HANOI, Vietnam – The typhoon that ravaged the Philippines with landslides and torrential rain slammed into Vietnam's southern coast Tuesday as a tropical storm, killing at least 47 people and destroying thousands of homes.
Tropical Storm Durian, believed to have claimed the lives of more than 1,000 people in the Philippines, blew tin sheets off houses in Vietnam and caused the collapse of homes in Ba Ria Vung Tau province, some 78 miles southeast of Ho Chi Minh City, that left 23 dead, said Pham Nhat Quang, an official from the provincial military command.
"The areas where the eye of the storm passed through looked like they were just bombarded," said Nguyen Van Tu, a local official in another province where more than 4,000 homes were destroyed.
Philippines President Gloria Macapagal Arroyo ordered stepped-up recovery efforts as she consoled the families of those killed in mudslides set loose by the powerful typhoon.

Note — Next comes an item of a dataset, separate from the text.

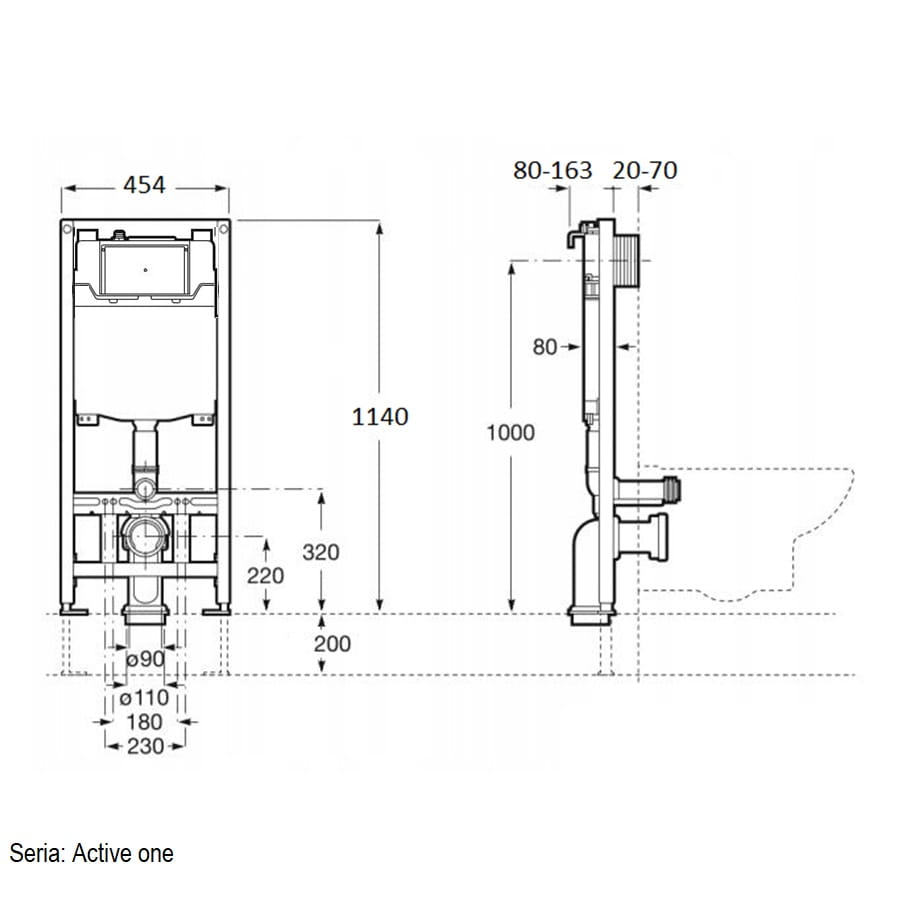 - Do miski wiszącej o rozstawie montażowym 18 cm lub 23 cm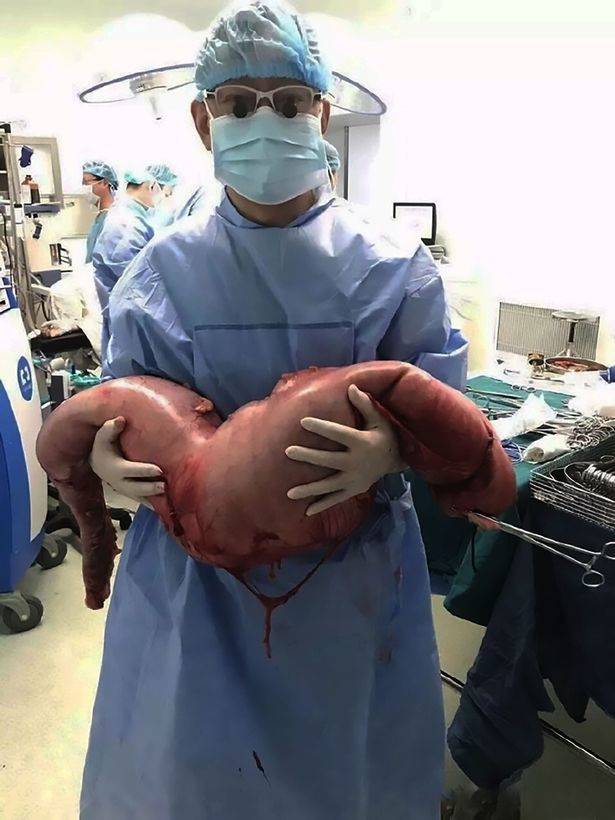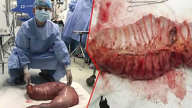 Tim dokter kemudian melakukan pembedahan perut pria itu dan menemukan usus dengan ukuran besar.

One woman hugged the president, telling her how she saw one of her children and her husband swept away after they fell from a roof.
Arroyo also visited Guinobatan, one of the worst-hit areas of Albay province, where entire villages disappeared under tons of mud and volcanic debris that cascaded down the slopes of the Mayon volcano last Thursday.
"The search for victims must continue as we tend to the sick and hungry in the evacuation centers, but we must now also push on the search for permanent solutions bearing upon the root cause of these grave calamities," Arroyo said.
At its height, with 165 mph winds and a five-hour deluge, the storm dislodged tons of debris from the slopes of the Mayon volcano. Walls of mud and boulders destroyed nearly every standing structure in their path.
Official figures showed 526 dead, 1,000 injured and 740 missing. Sen. Richard Gordon, head of the Philippines national Red Cross, said he believed more than 1,000 died in the thousands of homes buried under volcanic debris, mud and floodwaters.
In Vietnam, where the storm had winds of 73 mph on Tuesday, at least 50 people have died, including three fisherman who drowned Monday when their boat capsized as the storm approached.
Seventeen people were killed in Ben Tre province, where more than 4,000 houses were destroyed and 26,000 others damaged, provincial governor Cao Tan Khong said.
Weather forecasters said the storm was expected to continue weakening as it moved into the Gulf of Thailand on Wednesday morning.